1911 film by D. W. Griffith

The Miser's Heart (1911)

The Miser's Heart is a 1911 American short silent drama film directed by D. W. Griffith for the Biograph Company. It stars Ynez Seabury as a child who befriends a miser and a thief. The film was shot in Fort Lee, New Jersey, where early film studios in America's first motion picture industry were based at the beginning of the 20th century. A print of the film survives.

==Plot==
A mother is very ill, too ill to play with her young daughter Kathy. She tells her child to play by herself. Kathy makes friends with a miser who lives upstairs and later Jules, a thief who has stolen a bag of baked goods. Jules lets Kathy have some of his food, which Kathy in turn shares with the miser.

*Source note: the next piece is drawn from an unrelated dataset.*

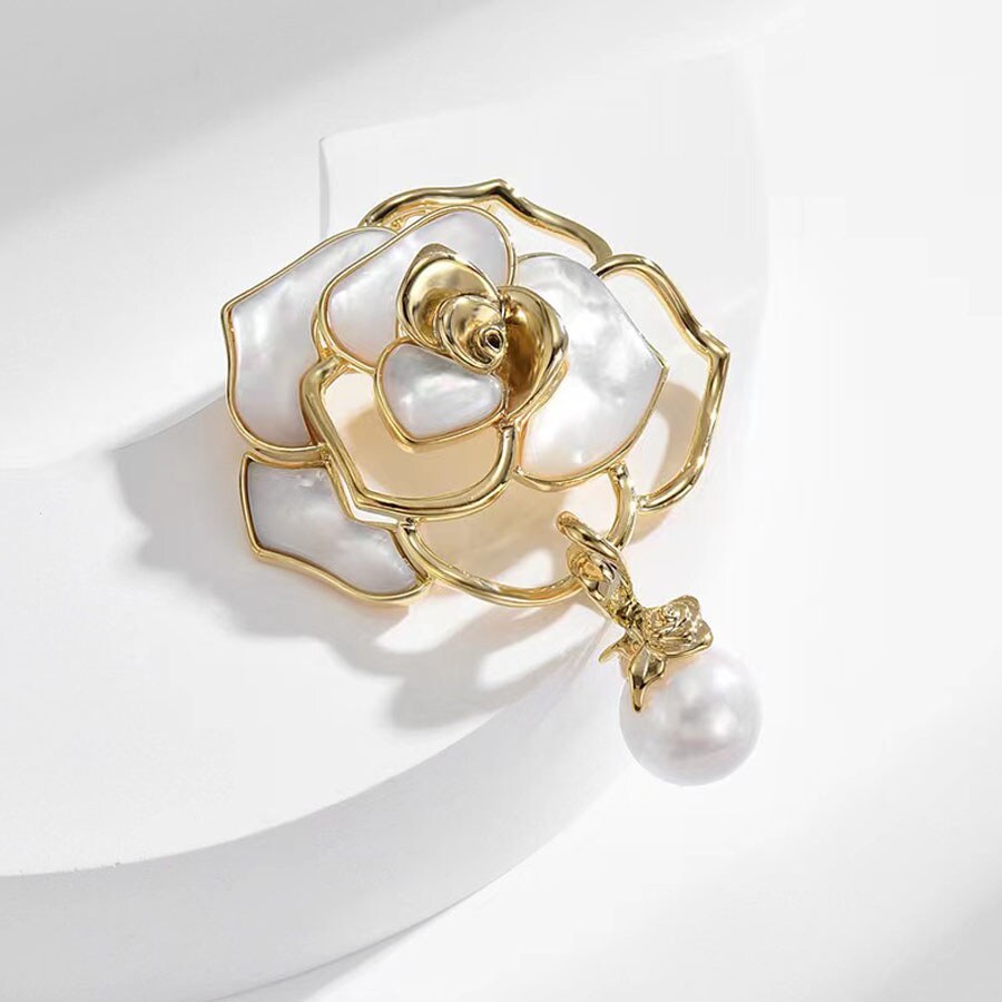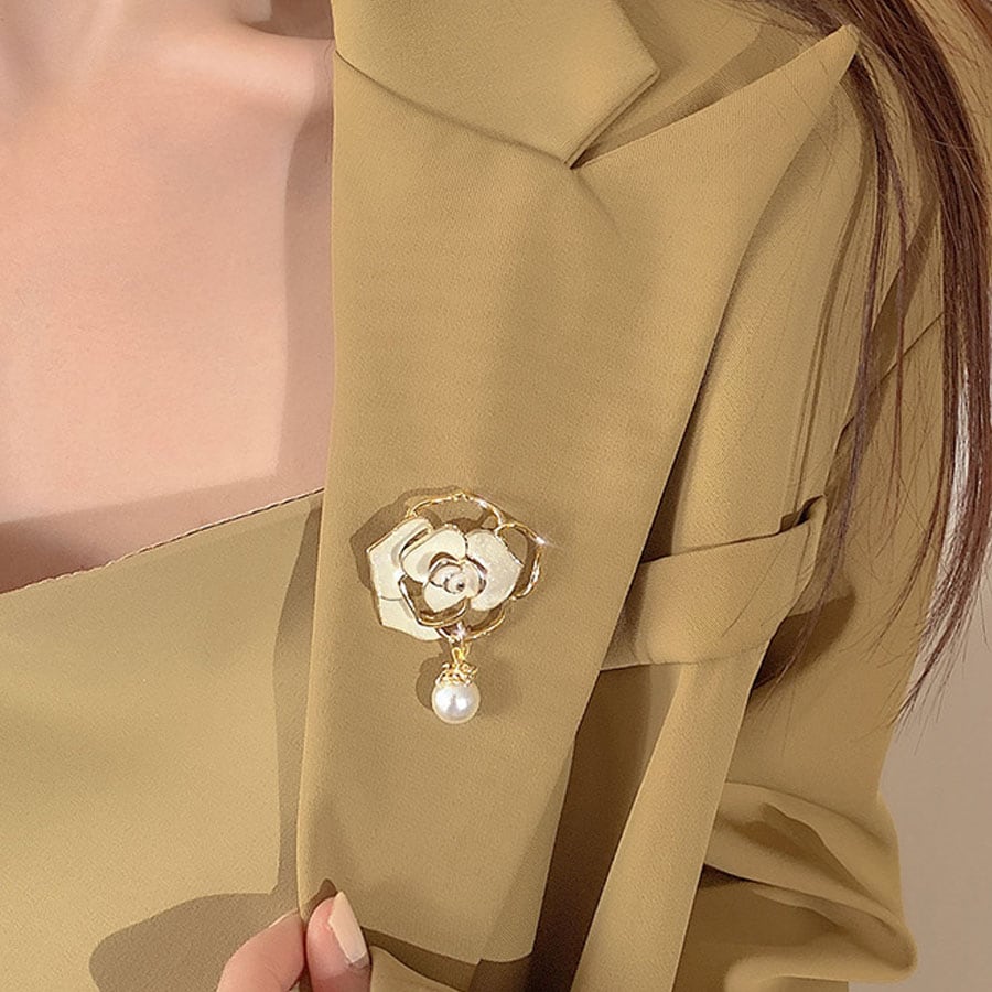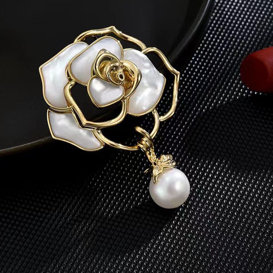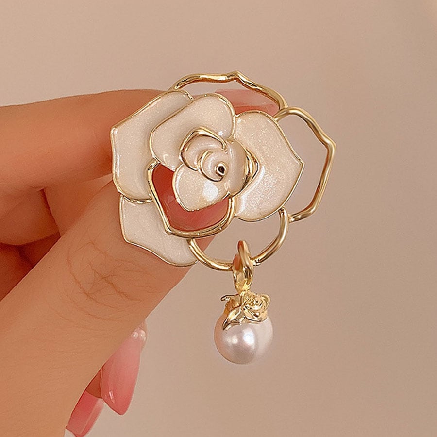 【ホワイト】ローズモチーフブローチ | ローズとパールが上品なブローチ

Meanwhile, two other thieves hear rumors of the miser's wealth. They break into his room and tie him up, but he refuses to give them the combination to his safe. When Kathy, who was sleeping in the room unbeknownst to the miser, wakes up, the crooks tie her up and dangle her by a rope outside, several stories above the ground, to pressure the old man. Kathy drops her doll, which lands near Jules. Jules runs for help. When the crooks start burning the rope holding Kathy, the miser gives them the combination. Jules returns with policemen, who spot Kathy before she is brought back into the room by one of the thieves. They rush upstairs and apprehend the criminals.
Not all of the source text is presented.